### Bag of Words Model

- A popular and simple method of feature extraction with text data is called the bag-of-words model of text.
- It is a way of extracting features from text for use in modeling, such as with machine learning algorithms.
- A bag-of-words is a representation of text that describes the occurrence of words within a document. It involves two things:
    - A vocabulary of known words.
    - A measure of the presence of known words.
- It is called a “bag” of words, because any information about the order or structure of words in the document is discarded. The model is only concerned with whether known words occur in the document, not where in the document.
- This approach looks at the histogram of the words within the text, i.e. considering each word count as a feature.
- The intuition is that documents are similar if they have similar content.
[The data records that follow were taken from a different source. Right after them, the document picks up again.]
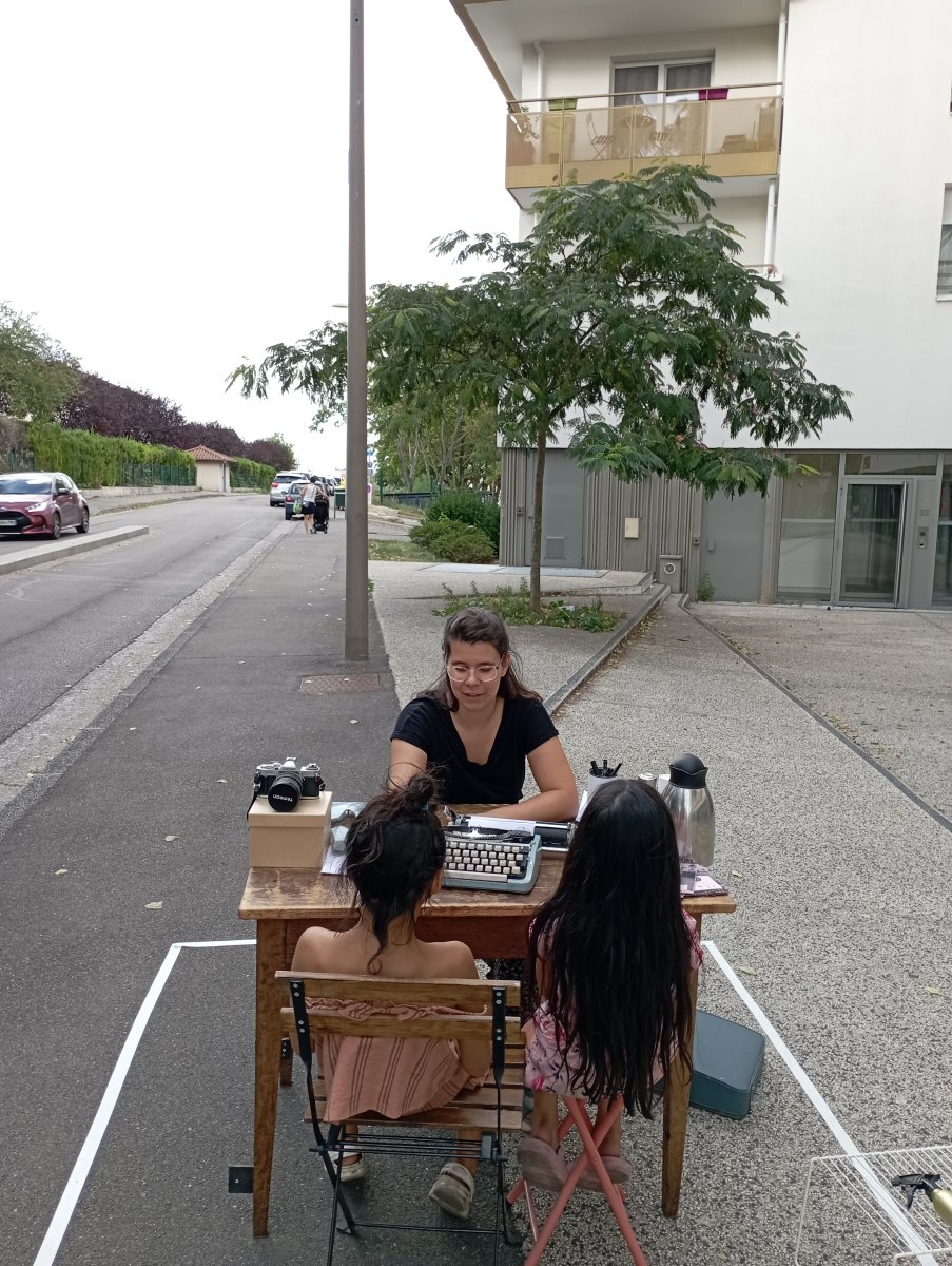 En 2024, plusieurs bureaux se sont installés dans la rue, avec une machine à écrire et des chaises pour les passants. Mais cette fois, ce sont les habitants qui tiennent les bureaux. L'objectif est de créer de l'interaction entre habitants et passants, de créer du lien entre les différents profils de personnes côtoyant le quartier pour diffuser les paroles des habitants sur le territoire. Nous voulons faire entrer de la fiction dans le quotidien du quartier autant par les mots que par les photographies argentiques.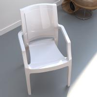 Arthur indoor outdoor arm chair. Made with unbreakable polycarbonate. Commercial grade polycarbonate. Fire rating as self-extinguish classification V2. Strong legs and structure. Stackable.
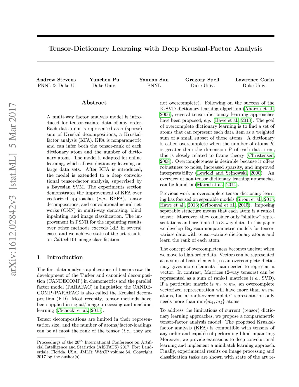 A multi-way factor analysis model is introduced for tensor-variate data of any order. Each data item is represented as a (sparse) sum of Kruskal decompositions, a Kruskal-factor analysis (KFA). KFA is nonparametric and can infer both the tensor-rank of each dictionary atom and the number of dictionary atoms. The model is adapted for online learning, which allows dictionary learning on large data sets. After KFA is introduced, the model is extended to a deep convolutional tensor-factor analysis, supervised by a Bayesian SVM. The experiments section demonstrates the improvement of KFA over vectorized approaches (e.g., BPFA), tensor decompositions, and convolutional neural networks (CNN) in multi-way denoising, blind inpainting, and image classification. The improvement in PSNR for the inpainting results over other methods exceeds 1dB in several cases and we achieve state of the art results on Caltech101 image classification.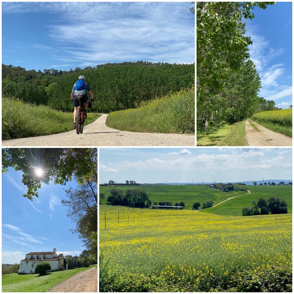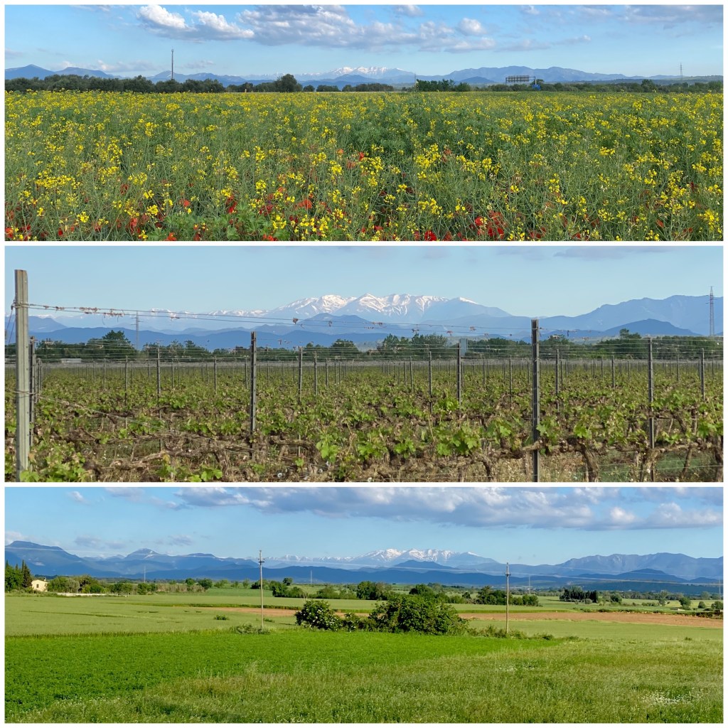 Tras abandonar el casco urbano de Figueres los primeros kilómetros del día voy atravesando zonas agrícolas combinando pistas de tierra y tramos de asfalto. Paso viñedos, plantaciones de colza con su característica flor amarilla y otras de algún cereal, probablemente maíz. Como magnífico telón de fondo tengo los Pirineos con las últimas nieves de la temporada.
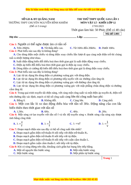 Đây là bản xem th , vu ử i lòng mua tài li u ệ đ xe ể m chi ti t ế (có l i ờ gi i ả ) SỞ GD & ĐT QU N Ả G NAM THI TH Ử THPT QU C Ố GIA L N Ầ 1 TR N ƯỜ G THPT CHUYÊN NGUY N Ễ B N Ỉ H KHIÊM MÔN V T Ậ LÍ - KH I Ố L P Ớ 12 (Đề có 5 trang) 17/01/2021 Th i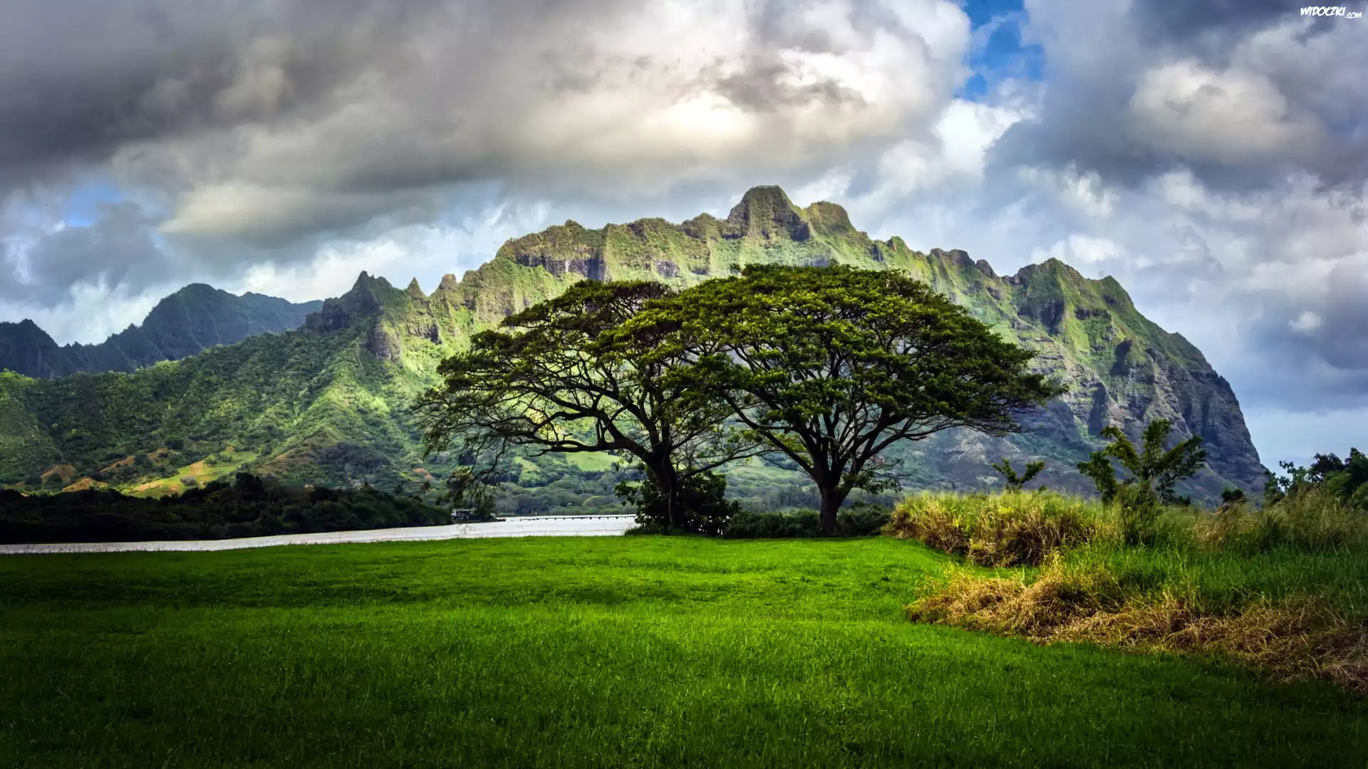 Zdjęcia, Chmury, Góry, Drzewa, Trawa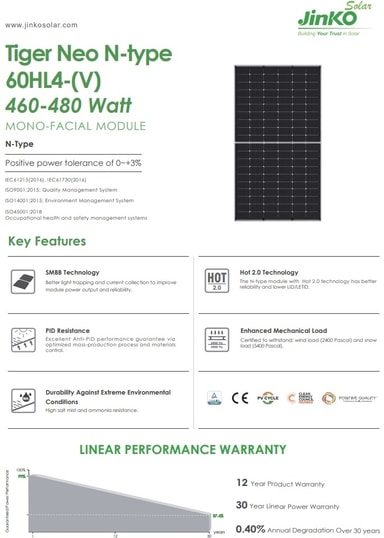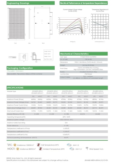 Spesifikasjoner: * SMBB Teknologi * 22,01% moduleffektivitet * Hot 2.0 Technology * 120 Monokrystallinske celler * PID Resistance * Vindlast: 2400 Pascal, Snølast: 5400 Pascal (test load) * Connector: Jinko JK03M2 - Designet for å passe Staübli MC4 Evo 2 Se under linker for detaljert informasjon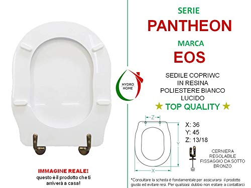 Copriwater Pantheon Eos compatibile legno rivestito in resina poliestere bianco cerniere bronzo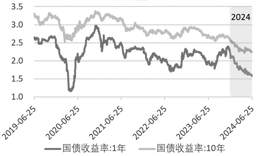 截至6月26日收盘,6月国债期货整体上行,从短端到长端,涨幅逐步扩大。2年期、5年期、10年期、30年期品种9月合约累计涨幅分别为0.16%、0.44%、0.77%、2.36%。现券市场收益率走低,最新数据显示,1年期、10年期国债收益率分别为1.56%、2.22%,较5月底分别下行9个基点和10个基点,较去年年底分别下行52个基点和35个基点。资金利率方面,最新数据显示,隔夜和7天期上海银行间同业拆借利率(Shibor)分别为1.98%和2.08%,由于半年末临近,上述利率较5月底抬升约20个基点。 市场利率整体低位运行 当前货币政策维持稳健基调,5月,央行缩量续做1年期中期借贷便利(MLF),利率持平于2.5%。同期,贷款市场报价利率(LPR)不变,1年期、5年期以上LPR分别为3.45%和3.95%。虽然MLF利率、LPR持稳,但市场利率实际仍在走低。其一,作为中长期国债收益率标杆的10年期国债到期收益率,5月下行10个基点,至2.22%,年内已累计下行35个基点;其二,5月17日房地产市场多项优化调整政策出台,首套房贷款利率下调已在部分城市落地;其三,近期多个地区中小银行再次调降存款挂牌利率,以应对净息差压力。 经济基本面指标分化 消费、出口边际改善,物价回升但仍在低位,投资则表现一般,地产领域继续对投资形成拖累。5月制造业PMI为49.5%(4月为50.4%),处于荣枯线下方,但总体好于去年同期。分项来看,主要原材料购进价格指数、出厂价格指数分别为56.9%和50.4%,分别较上月回升2.9个百分点和1.3个百分点;新订单、新出口订单、原材料库存、产成品库存等指数走弱,均位于50下方。此外,5月CPI同比上涨0.3%,与上月持平;PPI同比上涨-1.4%,较上月上升1.1个百分点,价格温和回升,但需求有待进一步恢复。 投资领域,1—5月固定资产投资(不含农户)同比增长4%,较1—4月下降0.2个百分点,其中房地产开发、基建、制造业投资同比增速分别为-10.1%、6.7%和9.6%。房地产投资增速在负值区间继续下滑;基建投资表现尚可,后续关注基建项目落地实施进度;制造业投资保持较高增速,主要受补库、出口修复、设备更新等因素提振。 消费方面,5月社会消费品零售总额同比增长,较上月提升1.4个百分点,此可能与“五一”假期的拉动有关。1—5月社会消费品零售总额累计同比增长4.1%,处于偏低水平。主要消费品中,汽车、建筑装潢等增速较低,设备更新、以旧换新政策带来部分领域消费增长。 出口方面,5月我国对主要经济体如东盟、欧盟、美国的出口总额(以美元计价)累计同比增幅分别为9.7%、-3.9%和0.2%,均连续第2个月回升,显示外需相对稳定。

Further, that from the content alone we can learn something about the meaning of the document.

#### Steps:
- Collect Data
It is as simple as having a collection of documents.


- Design the vocabulary
The task is to find the unique words out of the collected data.(punctuations are not included and case is ignored.)


- Create Document Vectors
    - The next step is to score words in each document.
    - The objective is to turn each document of free text into a vector to score each word. 
    - The simplest scoring method is to mark the presence of words as a boolean value, 0 for absent, 1 for present. 
    - All ordering of the words is nominally discarded and we have a consistent way of extracting features from any document in our corpus, ready for use in modeling.
    - New documents that overlap with the vocabulary of known words, but may contain words outside of the vocabulary, can still be encoded, where only the occurrence of known words are scored and unknown words are ignored.



- Managing Vocabulary
    - As the vocabulary size increases, so does the vector representation of documents. 
    - You can imagine that for a very large corpus, such as thousands of books, that the length of the vector might be thousands or millions of positions. Further, each document may contain very few of the known words in the vocabulary.
    - This results in a vector with lots of zero scores, called a sparse vector or sparse representation.
    - Sparse vectors require more memory and computational resources when modeling and the vast number of positions or dimensions can make the modeling process very challenging for traditional algorithms.
    - As such, there is pressure to decrease the size of the vocabulary when using a bag-of-words model.
    - Simple steps for cleaning the text: 
        - Ignoring case
        - Ignoring punctuation
        - Ignoring frequent words that don't contain much information called stop words like "is", "are" etc.
        - Fixing misspelled words
        - Reducing words to their stem called stemming - eg. play from playing.
    - A more sophisticated approach is to create a vocabulary of grouped words. This both changes the scope of the vocabulary and allows the bag-of-words to capture a little bit more meaning from the document.
    - In this approach, each word or token is called a “gram”. Creating a vocabulary of two-word pairs is, in turn, called a bigram model. Again, only the bigrams that appear in the corpus are modeled, not all possible bigrams.
    - Often a simple bigram approach is better than a 1-gram bag-of-words model for tasks like documentation classification.
     
 
- Scoring Words
    - Once a vocabulary has been chosen, the occurrence of words in example documents needs to be scored.
    - One very simple approach to scoring: a binary scoring of the presence or absence of words.
    - Other scoring methods include:
        - Counts - count the number of times each word appears in a document.
        - Frequencies - calculate frequency that each word appears in a document out of all the words in the document.


 - Word Hashing
    - We can use a hash representation of known words in our vocabulary. This addresses the problem of having a very large vocabulary for a large text corpus because we can choose the size of the hash space, which is in turn the size of the vector representation of the document.
    - Words are hashed deterministically to the same integer index in the target hash space. A binary score or count can then be used to score the word. This is called the “hash trick” or “feature hashing“.
    - The challenge is to choose a hash space to accommodate the chosen vocabulary size to minimize the probability of collisions and trade-off sparsity.


- TF-IDF
    - A problem with scoring word frequency is that the words that appear more often start to dominate the document even though they do not contain as much information to the model as rarer appearing but perhaps document appearing words.
    - Term-Frequency - is a scoring of frequency of the word in the current document.
    - Inverse Document Frequency - is a scoring how rare the word is across documents.
    - The scores are a weighting where not all words are equally as important or interesting.
    - The scores have the effect of highlighting words that are distinct (contain useful information) in a given document.
    - Thus the idf of a rare term is high, whereas the idf of a frequent term is likely to be low.
    

Limitation of Bag of Words Model

- Vocabulary: The vocabulary requires careful design, most specifically in order to manage the size, which impacts the sparsity of the document representations.
- Sparsity: Sparse representations are harder to model both for computational reasons (space and time complexity) and also for information reasons, where the challenge is for the models to harness so little information in such a large representational space.